• **Data extract**
+---+

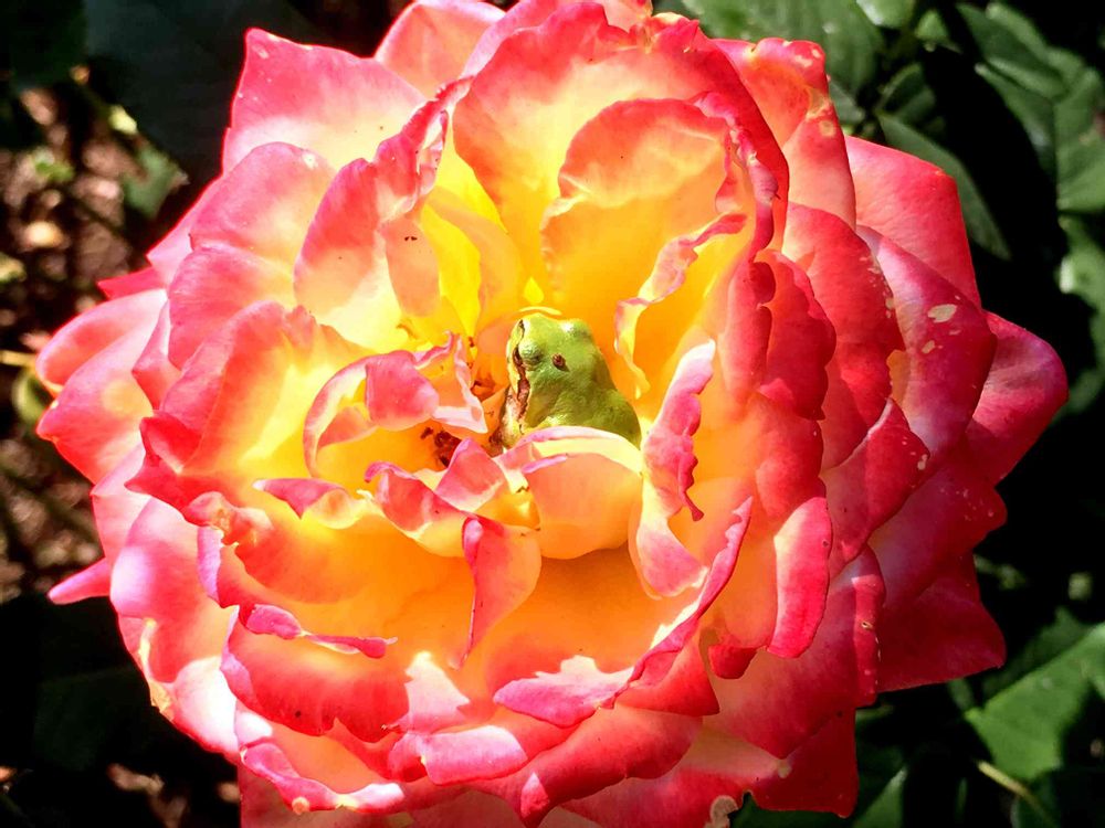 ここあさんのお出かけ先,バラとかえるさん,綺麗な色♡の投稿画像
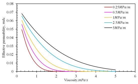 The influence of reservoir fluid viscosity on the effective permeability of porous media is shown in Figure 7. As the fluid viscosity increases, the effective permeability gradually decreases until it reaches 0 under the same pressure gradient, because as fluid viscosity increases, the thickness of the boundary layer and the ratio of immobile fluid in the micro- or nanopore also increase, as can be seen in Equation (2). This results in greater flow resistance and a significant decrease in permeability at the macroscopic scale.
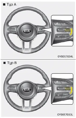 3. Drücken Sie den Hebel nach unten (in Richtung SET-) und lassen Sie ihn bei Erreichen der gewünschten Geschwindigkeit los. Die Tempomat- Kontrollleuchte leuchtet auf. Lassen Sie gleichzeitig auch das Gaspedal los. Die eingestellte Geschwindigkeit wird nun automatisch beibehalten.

+---+

• **Task statement**
I would like the material repeated in full and exactly, with its images omitted.

• **Reply**
 ここあさんのお出かけ先,バラとかえるさん,綺麗な色♡の投稿画像
 The influence of reservoir fluid viscosity on the effective permeability of porous media is shown in Figure 7. As the fluid viscosity increases, the effective permeability gradually decreases until it reaches 0 under the same pressure gradient, because as fluid viscosity increases, the thickness of the boundary layer and the ratio of immobile fluid in the micro- or nanopore also increase, as can be seen in Equation (2). This results in greater flow resistance and a significant decrease in permeability at the macroscopic scale.
 3. Drücken Sie den Hebel nach unten (in Richtung SET-) und lassen Sie ihn bei Erreichen der gewünschten Geschwindigkeit los. Die Tempomat- Kontrollleuchte leuchtet auf. Lassen Sie gleichzeitig auch das Gaspedal los. Die eingestellte Geschwindigkeit wird nun automatisch beibehalten.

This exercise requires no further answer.